The community meeting for LMCache is hosted weekly.
Meeting Details:

- Tuesdays at 9:00 AM PT – [Add to Calendar](https://drive.google.com/file/d/15Xz8-LtpBQ5QgR7KrorOOyfuohCFQmwn/view?usp=drive_link)

- Tuesdays at 6:30 PM PT – [Add to Calendar](https://drive.google.com/file/d/1WMZNFXV24kWzprDjvO-jQ7mOY7whqEdG/view?usp=drive_link)

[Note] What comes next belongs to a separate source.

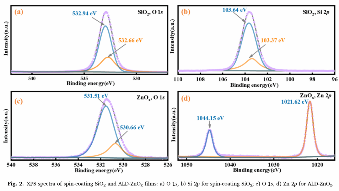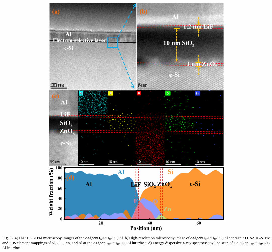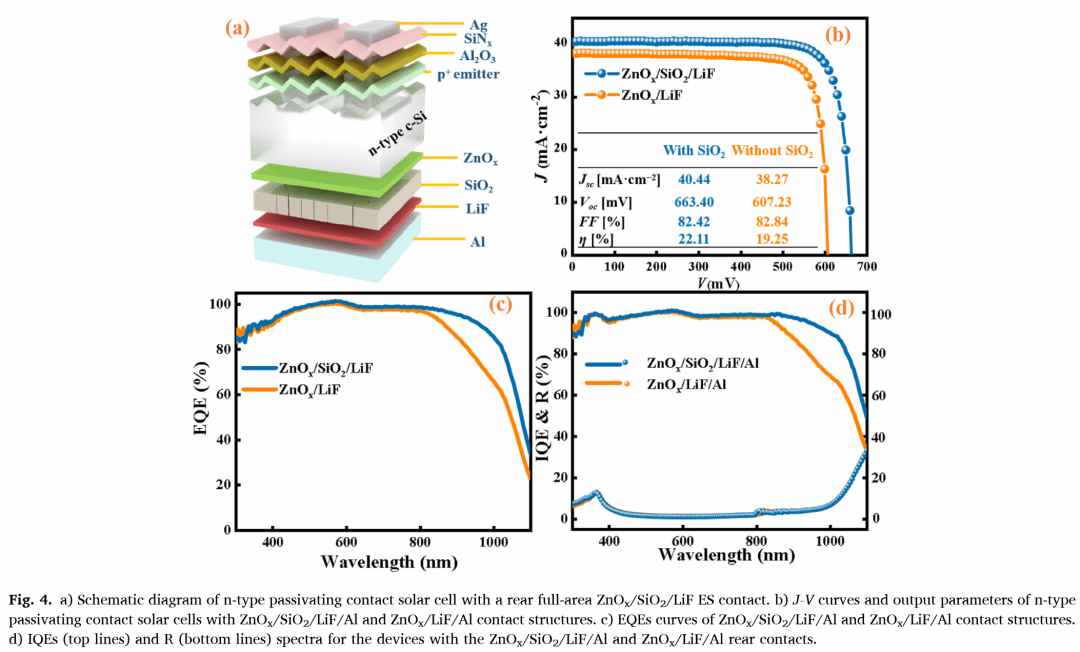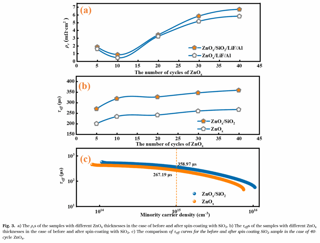 近年来,人们齐心协力开发用于晶体硅(c-Si)太阳能电池的新型电子选择性(ES)材料,旨在简化工艺并提高效率。在本研究中,我们通过将低温旋涂SiO₂与原子层沉积(ALD)ZnOₓ相结合,制备了ALD-ZnOₓ/旋涂SiO₂/LiF/Al的免掺杂电子选择性接触,并将其作为全区域背接触应用于n型c-Si太阳能电池。研究发现,具有10个周期厚度ZnOₓ的最佳ZnOₓ/SiO₂/LiF/Al样品,接触电阻率(ρc)最低,为0.857 mΩ·cm²,少数载流子有效寿命(τeff)高达319.43 μs,这表明该样品同时实现了优异的接触性能和表面钝化效果。经证实,由于旋涂SiO₂中存在针孔状载流子传输机制,旋涂SiO₂层在保持低ρc的同时,能够提升表面钝化水平。最终,采用全区域背ZnOₓ/SiO₂/LiF/Al无掺杂电子选择性接触的n型c-Si太阳能电池,获得了22.11%的最高效率。这代表了基于ZnOₓ的免掺杂c-Si太阳能电池的最佳性能,展现了这种电子选择性接触在低温、高效硅异质结以及硅/钙钛矿叠层太阳能电池中的广阔前景。

Meetings **alternate weekly** between the two times. All are welcome to join!

## Contributing

We welcome and value any contributions and collaborations.  Please check out [CONTRIBUTING.md](CONTRIBUTING.md) for how to get involved.


## Citation
If you use LMCache for your research, please cite our papers:

```
@inproceedings{liu2024cachegen,
  title={Cachegen: Kv cache compression and streaming for fast large language model serving},
  author={Liu, Yuhan and Li, Hanchen and Cheng, Yihua and Ray, Siddhant and Huang, Yuyang and Zhang, Qizheng and Du, Kuntai and Yao, Jiayi and Lu, Shan and Ananthanarayanan, Ganesh and others},
  booktitle={Proceedings of the ACM SIGCOMM 2024 Conference},
  pages={38--56},
  year={2024}
}

@article{cheng2024large,
  title={Do Large Language Models Need a Content Delivery Network?},
  author={Cheng, Yihua and Du, Kuntai and Yao, Jiayi and Jiang, Junchen},
  journal={arXiv preprint arXiv:2409.13761},
  year={2024}
}

@article{yao2024cacheblend,
  title={CacheBlend: Fast Large Language Model Serving with Cached Knowledge Fusion},
  author={Yao, Jiayi and Li, Hanchen and Liu, Yuhan and Ray, Siddhant and Cheng, Yihua and Zhang, Qizheng and Du, Kuntai and Lu, Shan and Jiang, Junchen},
  journal={arXiv preprint arXiv:2405.16444},
  year={2024}
}
```

## License

This project is licensed under Apache License 2.0. See the [LICENSE](LICENSE) file for details.